I'm assuming that that is his wife sitting across from him with his newborn in the stroller?


----------



## PC Load Letter (Jun 29, 2002)

"Mmmm...perfecto!"

Spongy, nice paparazzi shot. I think we'll see it in the next edition of The Star. I'd expect this more from superdave, who's probably going to be jealous that you got so close to his idol and inspiration.

It's also good to see he went out and bought my book, "PC Load Letter's Nutritional Guidelines: Eat to Live, Don't Live to Eat...Just Kidding" and is following it quite nicely.


----------



## Rhyder (Jul 15, 2002)

Also, if Noc puts on a couple of lbs in the offseason, are the Sbarro's and Baskin Robbins jokes going to be a flowing?

Reporter: What's your favorite American food?
Noc: Pepperoni Sbarro's and two scoops of Macadamia Nut.

Jokes aside, had I been in your shoes, I probably would have told him about bbb.net and the Noc appreciation thread and congratulated him on his new baby.


----------



## The Truth (Jul 22, 2002)

spongyfungy said:


> Noc eating Sbarro's and Baskin Robbins (captured with my ghetto camera phone)
> 
> I had a bunch of questions/comments running through my mind like "How's your leg?" "Do you think we will go for Fabricio?", "Great win last night!" but what came out of my mouth was : "Durrrr, hello...durrr"
> 
> Ben Gordon was there today (Sunday) as well but his was an autograph session ($25) to get in line.


I ran into Luol and Tommy Smith at Northbrook court a while back.


----------



## Snuffleupagus (May 8, 2003)

I remember hearing on a radio station that Sam Smith swears that Sbarro's is the best pizza in the city and always eats there when he's at Northbrook Court (figures).

I used to work at the Corner Bakery in Northbrook Court and I'd see Bulls all the time. I saw:

Jake Voskuhl (2x)
Jamal Crawford
Eddy Curry
Tyson Chandler (ordered a pepperoni pizza from us)
Roger Mason Jr.
Eddie Robinson (2x)


----------



## BealeFarange (May 22, 2004)

Sbarro's and Baskin Robbins, eh? Did he have his ice cream just sitting there while he ate his pizza? Didn't it melt? Or did he attack his food quickly and passionately enough such that there were no problems...? 

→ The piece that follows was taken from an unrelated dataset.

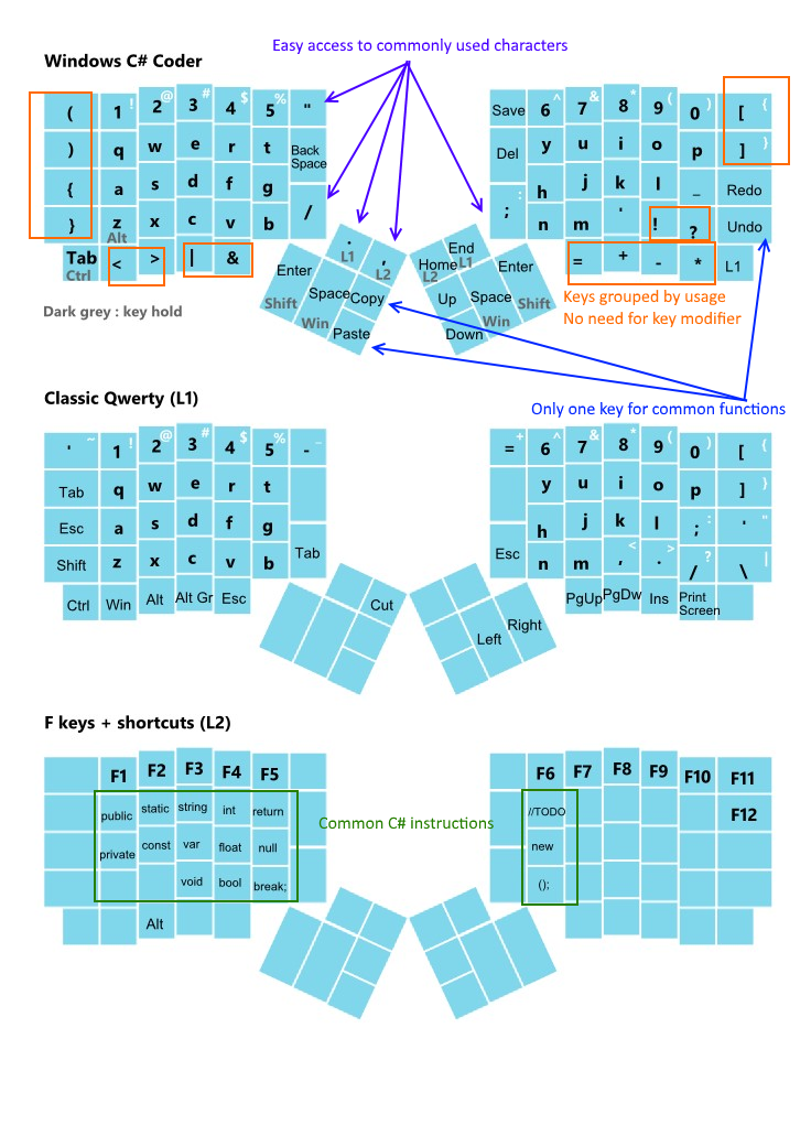 I came to the realization that my main tool as a developer, the qwerty keyboard was something that did not evolved at its core in almost 150 years. There are a lot of reasons to this, and it would be a massive entreprise to change a standard so strongly anchored, but I wanted to give it a try and see how would look an input device dedicated to developers, more specifically a C# developer in my case. The biggest flaw in standard QWERTY keyboards was that I always needed to perform key combination to access commonly used characters or actions. Think about it a minute, how many times a day do you press a modifier key such as Ctrl or Shift, it's insane and could be so easily optimized to require only one key press.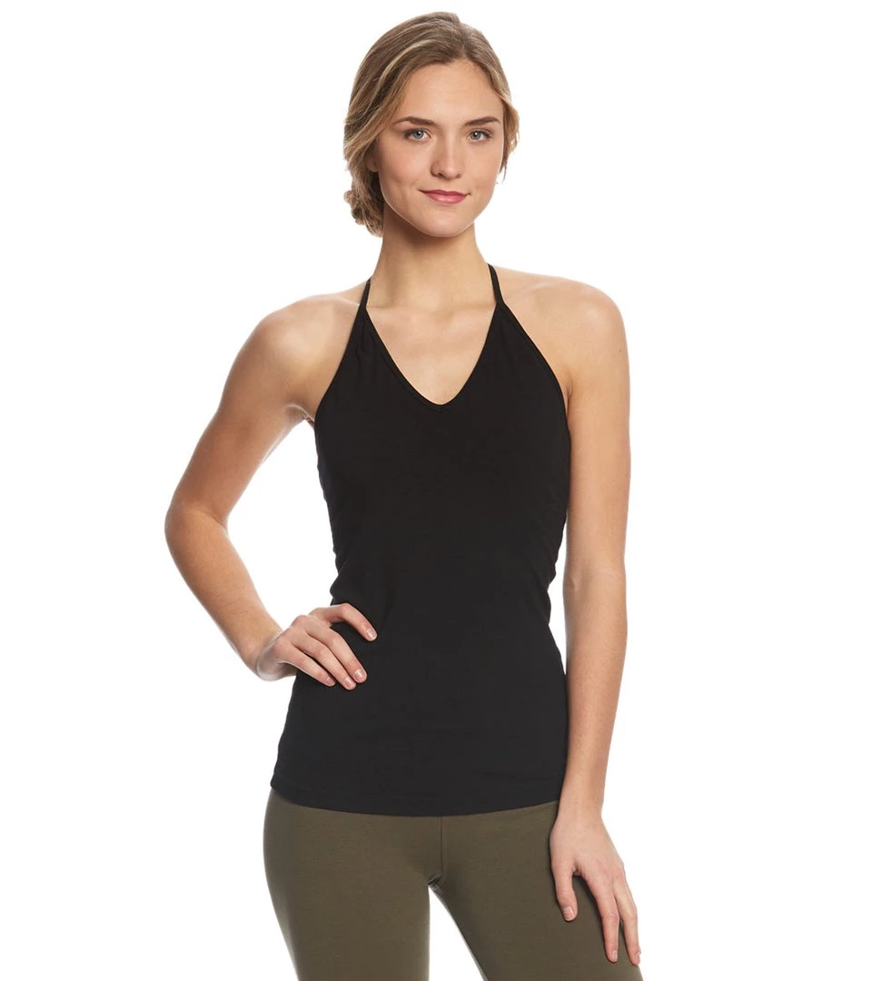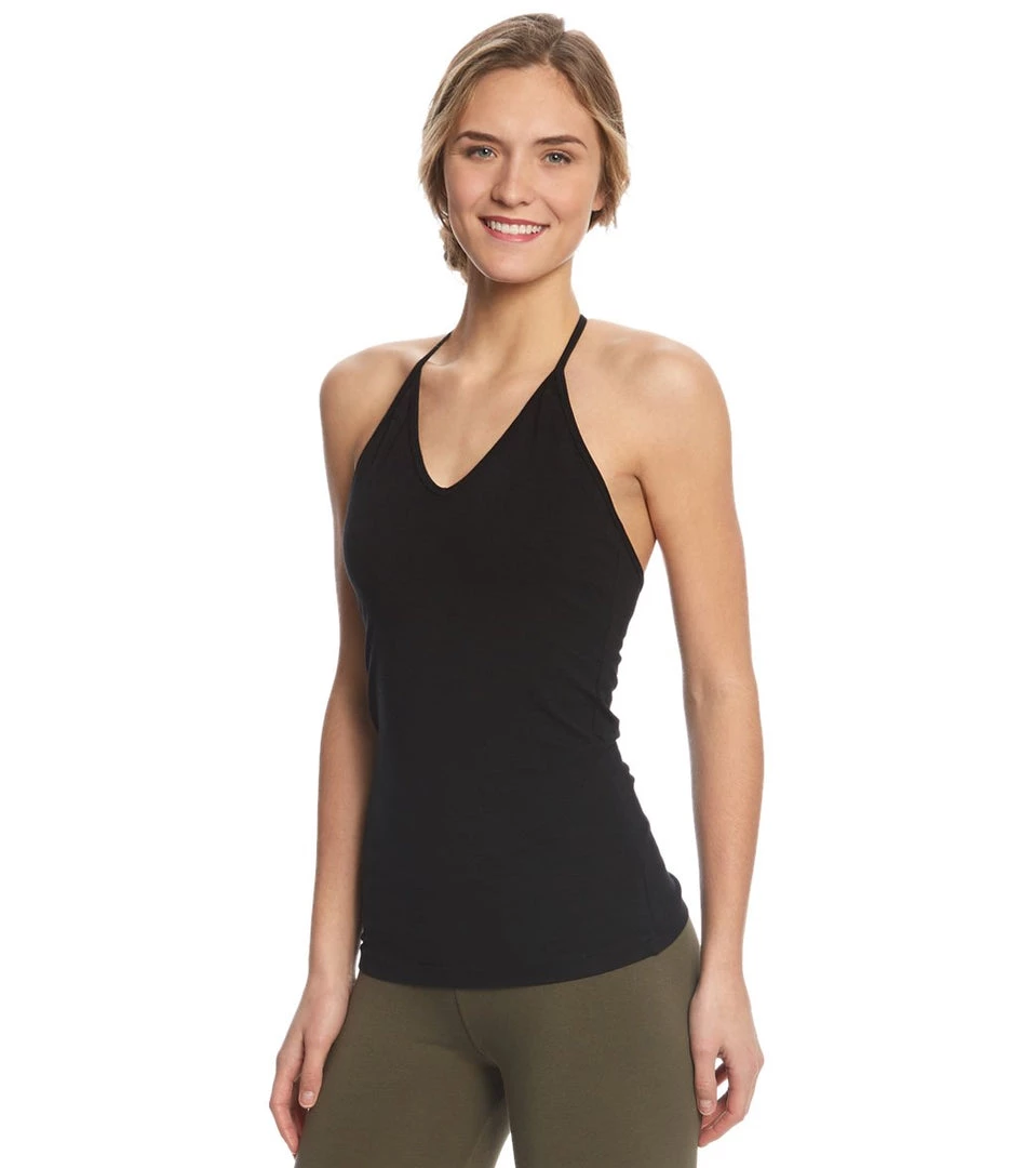 A simple front meets a stylish back in the Hard Tail Kat Back V Tank with a built-in bra. Its fitted silhouette hugs curves while still leaving room for movement. The lace-up back design adds flare.

I need to hang out at Northbrook Court sometime...


----------



## HAWK23 (Jul 1, 2002)

when im in myhome town of deerfield I see bulls players all time...Hinrich lives there...


----------



## ballafromthenorth (May 27, 2003)

Wow, getting to meet bulls at random places would be awesome.. you people are lucky!


----------



## spongyfungy (Oct 22, 2003)

TomBoerwinkle#1 said:


> Noc was eating _Sbarro's_? :sour:
> 
> He played in Europe long enough that Sbarro's imitation italian food should be far enough from the real thing to convince him to steer clear. I mean he could have had a sandwich at Corner Bakery would at least have been tasty.
> 
> Sbarro's. :sour:


Well that was my reaction too. Why there? He better enjoy relative anonymity.


----------



## bullsville (Jan 23, 2005)

Maybe Andres' wife likes Sbarro and Baskin Robbins? If so, he had no choice really.


----------



## mizenkay (Dec 29, 2003)

spongystalkerazzi! i love it.

this is a good thread to post the latest "Out Loud" featuring none other than *chapu!*

some highlights:

*~ When I arrived in Chicago, I couldn't understand nothing.

~ I need to learn good words. It's good for me to watch more TV. I need to learn more English because sometimes I can't understand the people.

~ Chicago, it's the best city I've been in. It's very nice, very comfortable, huge. The downtown is incredible.

~ Maybe the weather is not good.

~ Sometime the traffic is very bad. From the north to the United Center is very hard in traffic. But that's the only thing. I like this city.

~ My father was a basketball player. He loves basketball. He's crazy for basketball. Now he's very happy that I play in the NBA. It's dream for him and for me.

~ I have one brother. He plays in the first divison in Italy. He's very good too.

~ For me, it's the best experience of my life (the 2004 Summer Olympics). Not for the gold medal, but it's the Olympic Games. To play the Olympic Games with my country, with my blood, is very important. We won the gold medal. It's a dream. It's a dream I never want to wake up.

~ The U.S. Dream Team didn't play together because everybody is a star. It's no good. You need teammates.

~ The plane is very comfortable. It's incredible. It's huge. Very nice.

~ My nickname is Chapu. It's a TV comic program in Mexico. The people called me Chapu when I was young, 5 years old. I don't know why. Everybody calls me Chapu, but here it's Noce. I prefer Chapu.

~ I play tough. If somebody's angry, it's not my problem.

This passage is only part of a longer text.